The problem for me is not so much what I've seen, I realize that most
of the issues we are talking about are the kind that will hit once in a
thousand times or less.

But we *can* reason about them in a way that can effectively prevent
the problem completely and when your cluster has 10000 machine, 1/1000
starts becoming significant.

These days the vast majority of IO devices either are 99% DMA driven so
that a bit of overhead on MMIOs is irrelevant, or have one fast path
(low latency IB etc...) that needs some finer control, and the rest is
all setup which can be paranoid at will.

So I think we should aim for the "default" accessors most people use to
be as hadened as we can think of. I favor correctness over performance
in all cases.
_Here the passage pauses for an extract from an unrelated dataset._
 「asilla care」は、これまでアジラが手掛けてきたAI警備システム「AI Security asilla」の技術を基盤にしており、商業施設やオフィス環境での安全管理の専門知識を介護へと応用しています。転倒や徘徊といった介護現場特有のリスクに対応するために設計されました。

But then we also define a reasonable semantic for the
relaxed ones (well, we sort-of do have one, we might have to make it a
bit more precise in some areas) that allows the few MMIO fast path that
care to be optimized.

> If you wrote to the mask then enabled interrupts the first IACK cycle
> could be too close to write and break the cycle recovery time.
> That clobbered most of the interrupt controller registers.
> That probably affected every 286 board ever built!
> Not sure how much software added the required extra bus cycle.
> 
> > What we did inside readl, with the twi;isync sequence (which basically
> > means, trap on return value with "trap never" as a condition, followed
> > by isync that ensures all excpetion conditions are resolved), is force
> > the CPU to "consume" the data from the read before moving on.
> > 
> > This effectively makes readl fully synchronous (we would probably avoid
> > that if we were to implement a readl_relaxed).
> 
> I've always wondered exactly what the twi;isync were for - always seemed
> very heavy handed for most mmio reads.
> Particularly if you are doing mmio reads from a data fifo.
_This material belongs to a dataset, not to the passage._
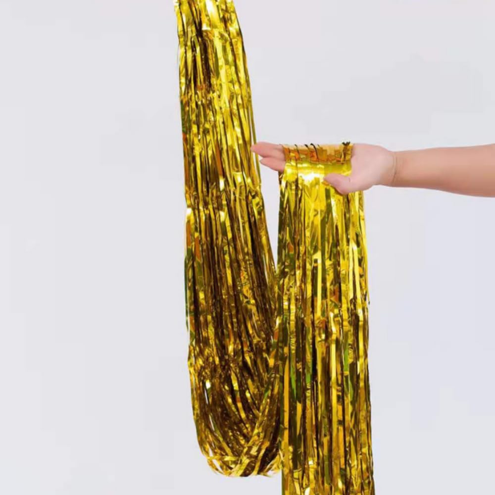 2 Stück Fransenvorhänge, Goldmetallic, Lametta-Folie, Fransen
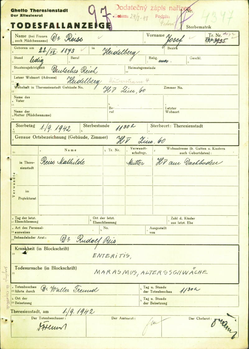 This database contains the names and fates of those who were deported from the territory of today’s Czech Republic, be it their homeland or may they have been deported to the Theresienstadt ghetto before from different european countries. Further, it contains basic information on those men, women and children, most of whom were Roma or Sinti, who died as prisoners of the so-called „Gypsy camp I“ Lety u Písku.

If you do that you should use the "s" version of the accessors. Those
will only do the above trick at the end of the access series. Also a
FIFO needs special care about endianness anyway, so you should use
those accessors regardless. (Hint: you never endian swap a FIFO even on
BE on a LE device, unless something's been wired very badly in HW).

> Perhaps there should be a writel_wait() that is allowed to do a read back
> for such code paths?

I think what we have is fine, we just define that the standard
writel/readl as fairly simple and hardened, and we look at providing a
somewhat reasonable set of relaxed variants for optimizing fast path.
We pretty much already are there, we just need to be better at defining
the semantics.

And for the super high perf case, which thankfully is either seldom
(server high perf network stuff) or very arch specific (ARM SoC stuff),
then arch specific driver hacks will always remain the norm.

Cheers,
Ben. 

> 	David
>